_Brief_: Find the line with "Una grande candela" and the line with "Мода на відкриті" in the entries below; output exactly those two lines, every line between them, and no others.

_Source records_:
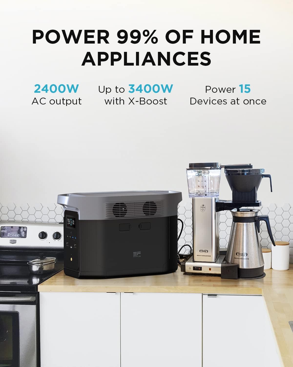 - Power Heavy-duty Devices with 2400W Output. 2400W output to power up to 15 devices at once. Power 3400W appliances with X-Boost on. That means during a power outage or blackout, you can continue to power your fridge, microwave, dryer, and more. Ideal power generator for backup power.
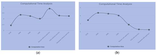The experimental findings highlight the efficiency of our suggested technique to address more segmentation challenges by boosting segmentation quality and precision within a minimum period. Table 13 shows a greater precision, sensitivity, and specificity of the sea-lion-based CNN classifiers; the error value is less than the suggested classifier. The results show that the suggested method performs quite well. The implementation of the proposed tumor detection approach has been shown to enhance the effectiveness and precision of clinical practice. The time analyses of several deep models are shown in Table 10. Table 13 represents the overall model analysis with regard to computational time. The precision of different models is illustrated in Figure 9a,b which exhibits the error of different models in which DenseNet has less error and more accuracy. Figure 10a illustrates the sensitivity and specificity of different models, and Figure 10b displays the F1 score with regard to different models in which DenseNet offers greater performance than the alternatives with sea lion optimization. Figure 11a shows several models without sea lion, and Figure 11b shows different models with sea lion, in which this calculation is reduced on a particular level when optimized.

---

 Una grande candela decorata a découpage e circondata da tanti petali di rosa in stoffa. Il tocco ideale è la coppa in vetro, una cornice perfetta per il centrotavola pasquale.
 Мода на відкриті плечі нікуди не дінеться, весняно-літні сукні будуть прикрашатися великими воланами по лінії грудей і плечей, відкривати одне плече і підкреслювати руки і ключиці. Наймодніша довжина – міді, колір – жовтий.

---

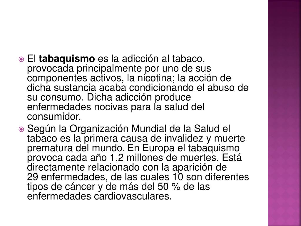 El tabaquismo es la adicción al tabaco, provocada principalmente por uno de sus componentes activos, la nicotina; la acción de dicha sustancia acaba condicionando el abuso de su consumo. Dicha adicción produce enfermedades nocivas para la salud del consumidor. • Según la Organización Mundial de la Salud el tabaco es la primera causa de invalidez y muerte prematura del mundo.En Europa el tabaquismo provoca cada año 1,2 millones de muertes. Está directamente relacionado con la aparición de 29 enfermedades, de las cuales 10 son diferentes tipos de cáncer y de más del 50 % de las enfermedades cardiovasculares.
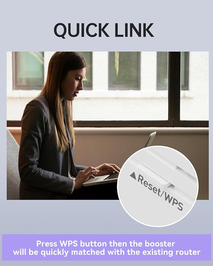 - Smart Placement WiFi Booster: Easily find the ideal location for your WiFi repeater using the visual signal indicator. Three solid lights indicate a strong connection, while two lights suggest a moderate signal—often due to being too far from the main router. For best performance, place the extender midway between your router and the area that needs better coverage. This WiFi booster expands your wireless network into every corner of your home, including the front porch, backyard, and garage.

_Result of this task_:
 Una grande candela decorata a découpage e circondata da tanti petali di rosa in stoffa. Il tocco ideale è la coppa in vetro, una cornice perfetta per il centrotavola pasquale.
 Мода на відкриті плечі нікуди не дінеться, весняно-літні сукні будуть прикрашатися великими воланами по лінії грудей і плечей, відкривати одне плече і підкреслювати руки і ключиці. Наймодніша довжина – міді, колір – жовтий.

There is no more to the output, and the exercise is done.